> [EXERCISE DETAILS] The lines in the listing below are to be given again exactly, starting at the line holding "Bridgeport Interact 2" and ending at the line holding "肩部可愛的荷葉邊和緞帶--這件上衣是全場的焦點!". Do not include pictures.

> [RECORDS SHOWN]

• • • • •

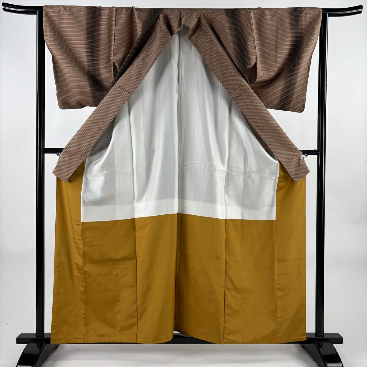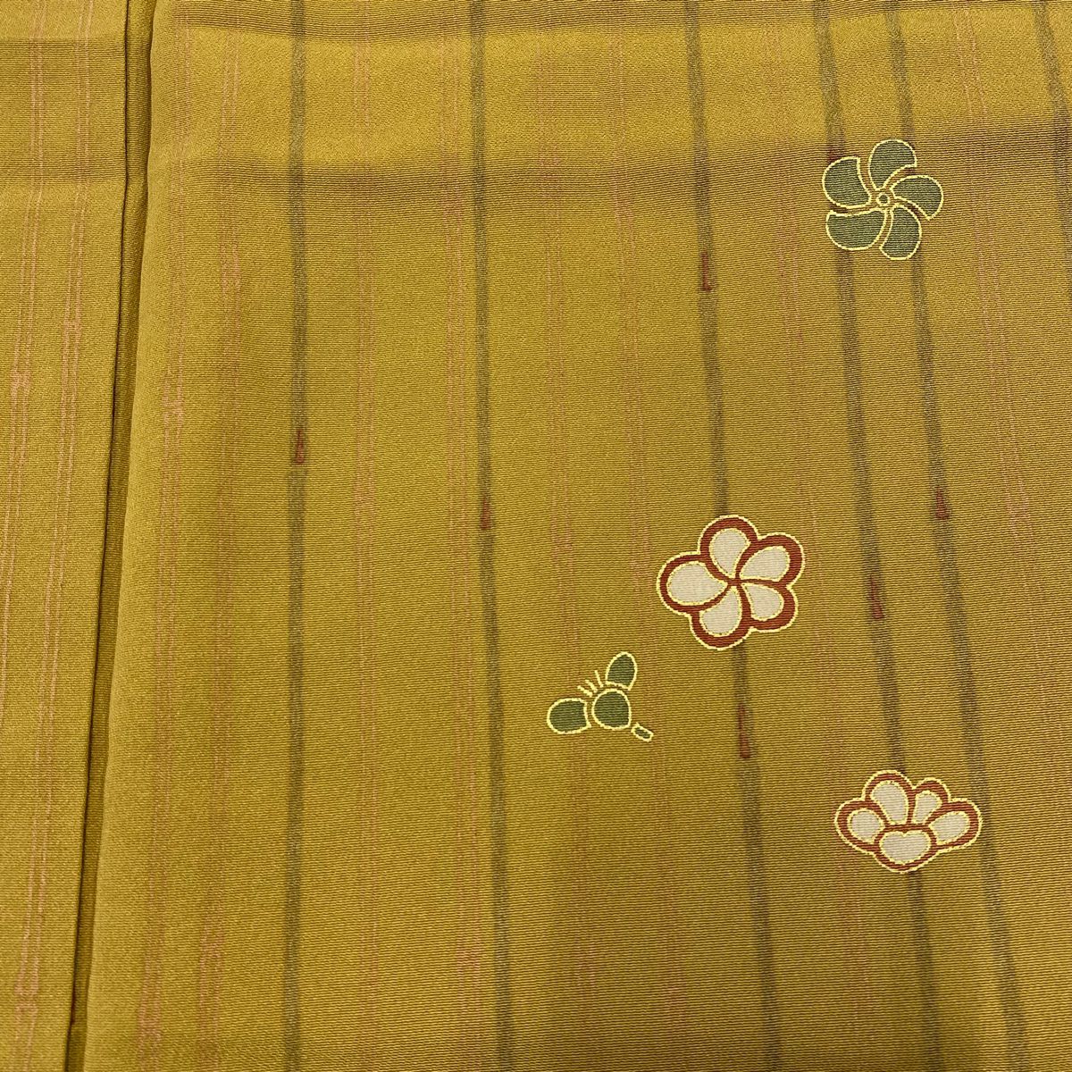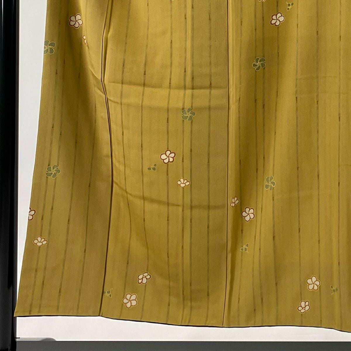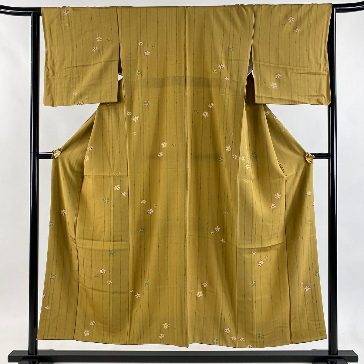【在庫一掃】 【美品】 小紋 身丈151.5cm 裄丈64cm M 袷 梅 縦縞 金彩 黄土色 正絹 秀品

• • • • •

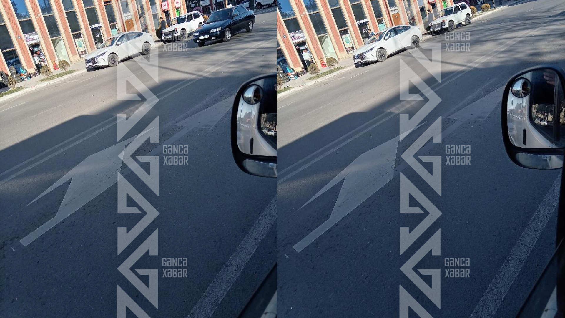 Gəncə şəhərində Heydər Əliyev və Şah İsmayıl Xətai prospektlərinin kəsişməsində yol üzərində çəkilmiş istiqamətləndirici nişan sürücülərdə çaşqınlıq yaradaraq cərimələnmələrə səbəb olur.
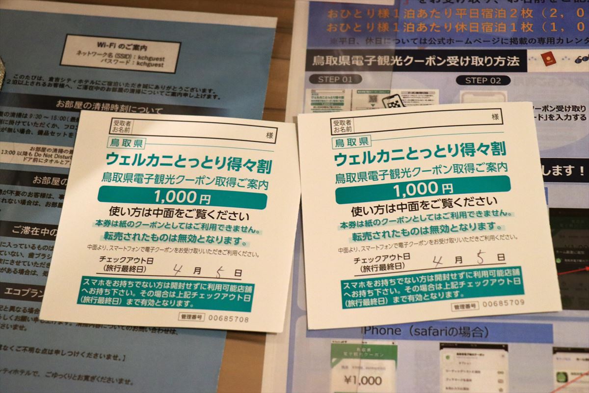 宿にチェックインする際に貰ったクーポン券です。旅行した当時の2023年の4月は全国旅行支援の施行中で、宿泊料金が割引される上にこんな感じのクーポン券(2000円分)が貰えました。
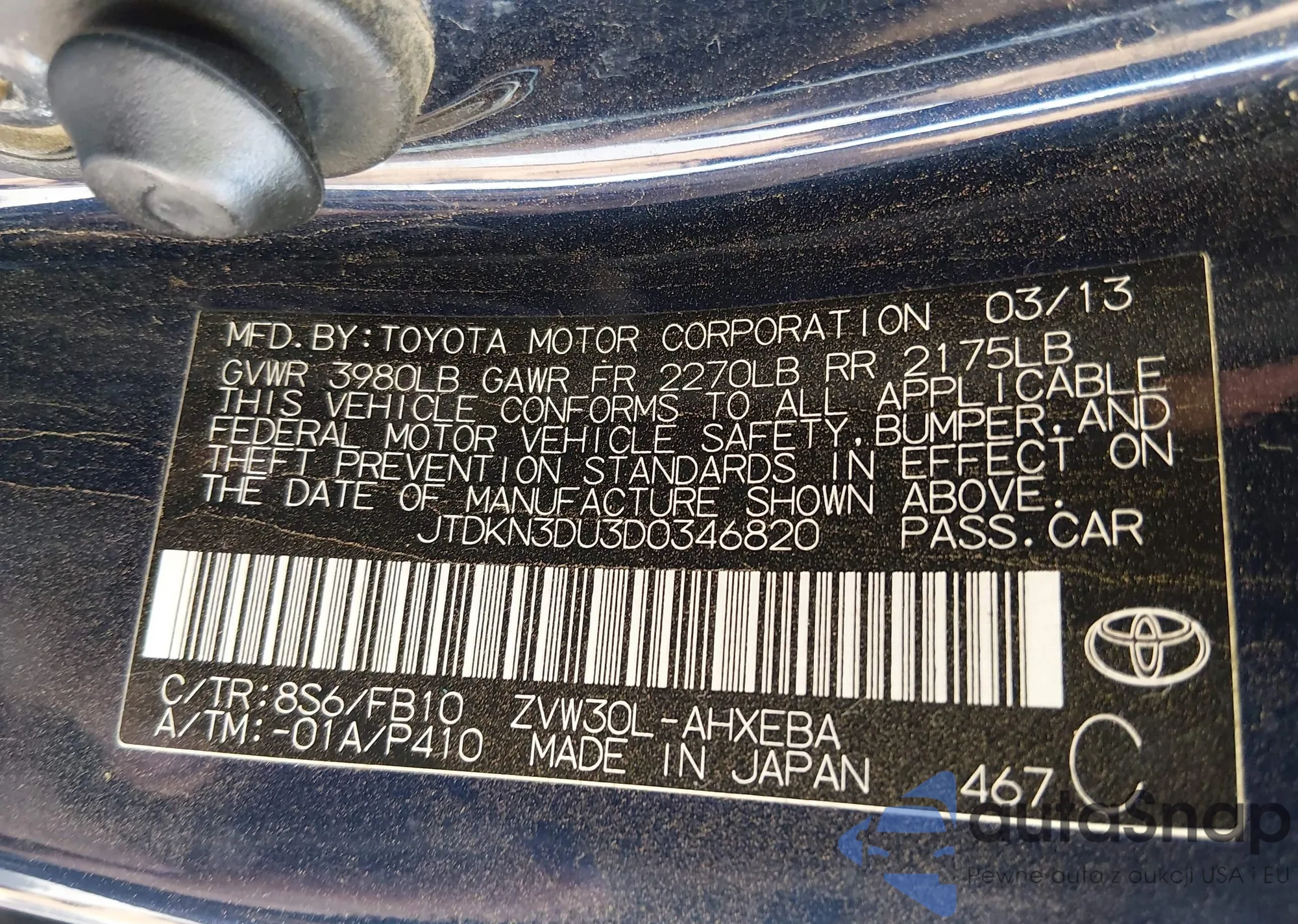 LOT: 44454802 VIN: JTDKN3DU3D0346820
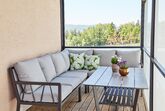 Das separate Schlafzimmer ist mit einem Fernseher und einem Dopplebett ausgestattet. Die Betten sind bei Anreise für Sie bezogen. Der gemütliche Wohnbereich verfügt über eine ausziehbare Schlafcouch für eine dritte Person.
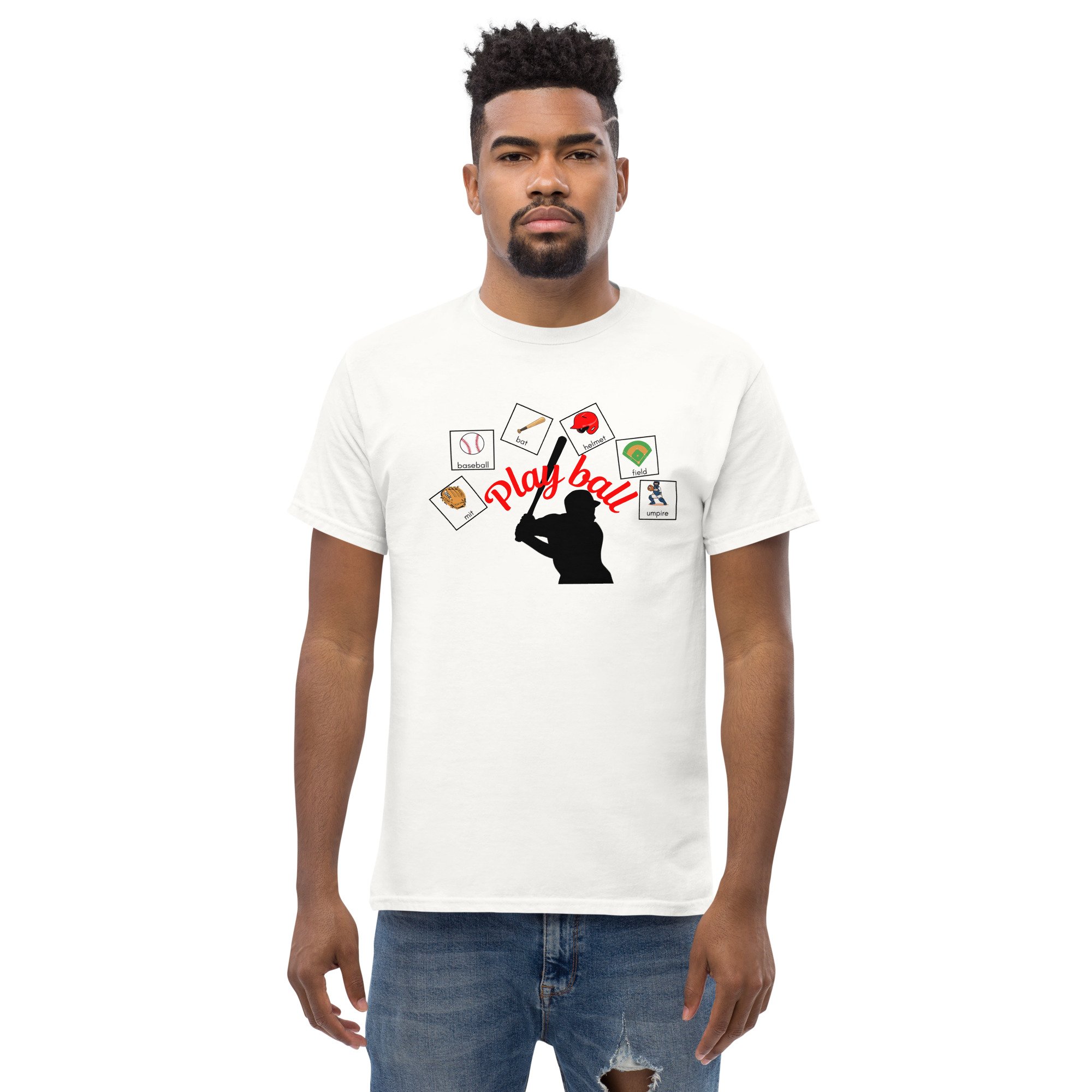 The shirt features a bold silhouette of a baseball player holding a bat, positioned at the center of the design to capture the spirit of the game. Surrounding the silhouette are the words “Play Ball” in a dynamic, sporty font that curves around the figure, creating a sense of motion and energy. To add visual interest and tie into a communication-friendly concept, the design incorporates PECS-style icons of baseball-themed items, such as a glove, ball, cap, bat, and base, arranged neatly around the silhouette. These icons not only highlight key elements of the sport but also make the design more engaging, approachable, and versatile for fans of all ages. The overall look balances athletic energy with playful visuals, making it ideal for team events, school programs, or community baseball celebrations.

• • • • •

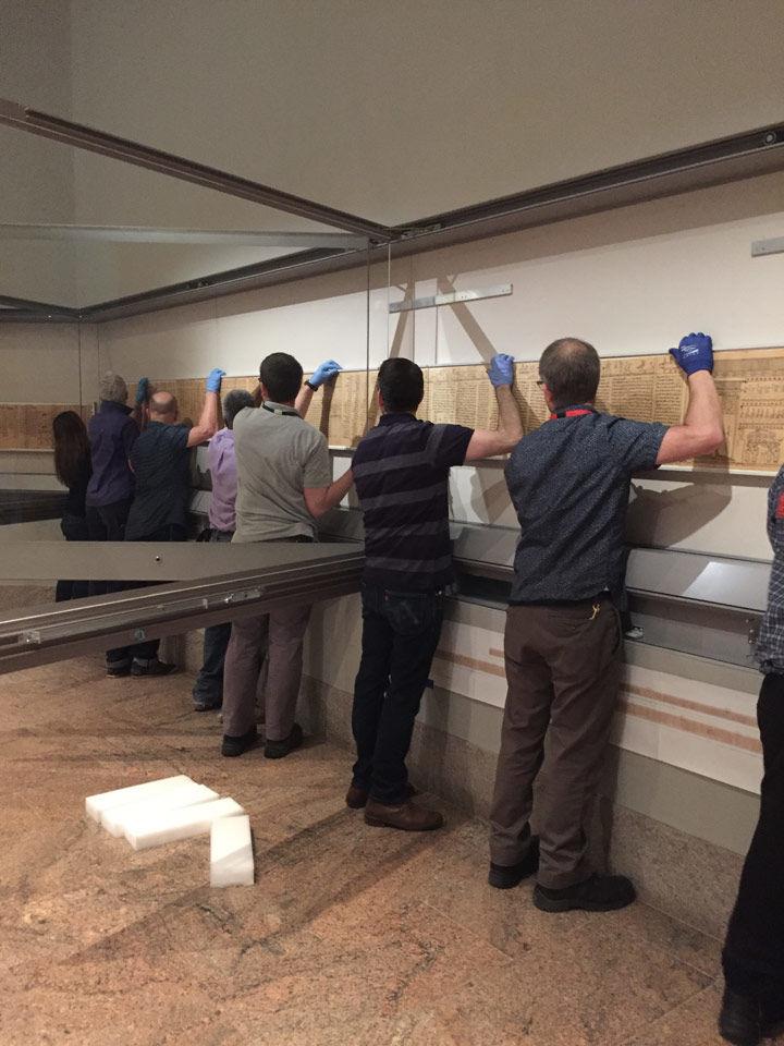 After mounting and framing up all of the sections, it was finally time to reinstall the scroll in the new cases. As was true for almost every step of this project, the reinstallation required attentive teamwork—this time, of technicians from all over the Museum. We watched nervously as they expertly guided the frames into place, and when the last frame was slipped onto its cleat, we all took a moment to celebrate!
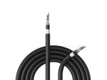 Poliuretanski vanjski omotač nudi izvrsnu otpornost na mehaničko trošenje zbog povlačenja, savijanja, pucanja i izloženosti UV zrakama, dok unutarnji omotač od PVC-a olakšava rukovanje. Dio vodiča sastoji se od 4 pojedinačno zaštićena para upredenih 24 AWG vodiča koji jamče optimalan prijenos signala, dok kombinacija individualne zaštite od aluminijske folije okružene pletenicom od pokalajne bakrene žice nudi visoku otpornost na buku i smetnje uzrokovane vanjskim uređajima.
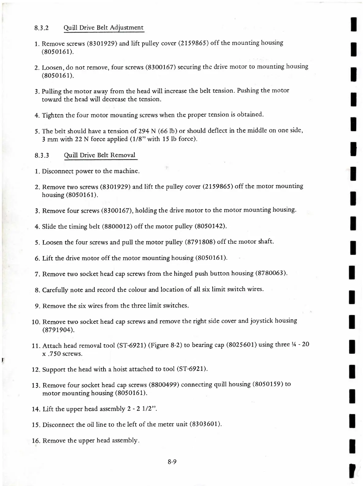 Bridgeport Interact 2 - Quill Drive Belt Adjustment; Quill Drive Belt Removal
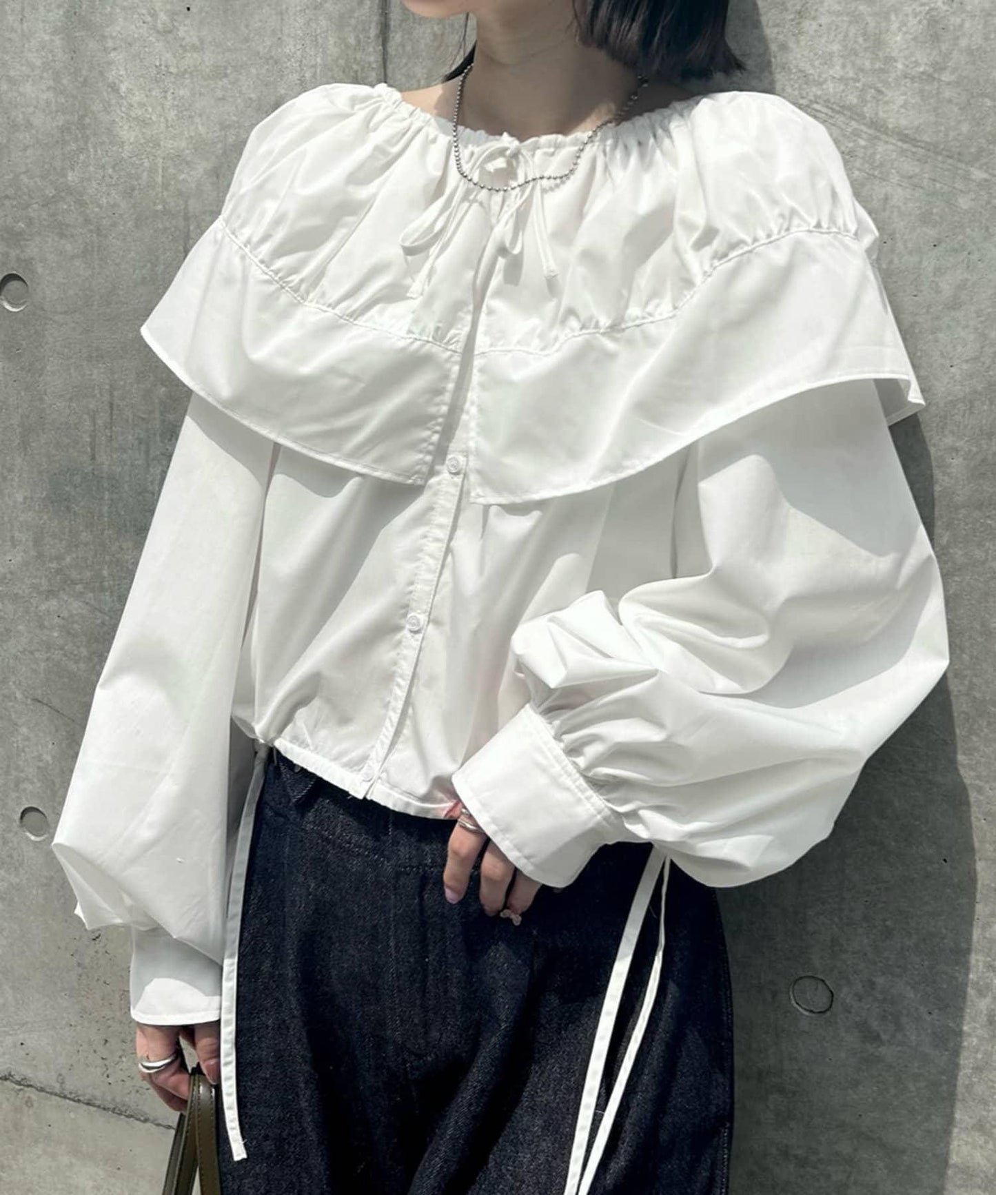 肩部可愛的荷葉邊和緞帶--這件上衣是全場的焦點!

• • • • •

> [ANSWER BOX]
 Bridgeport Interact 2 - Quill Drive Belt Adjustment; Quill Drive Belt Removal
 肩部可愛的荷葉邊和緞帶--這件上衣是全場的焦點!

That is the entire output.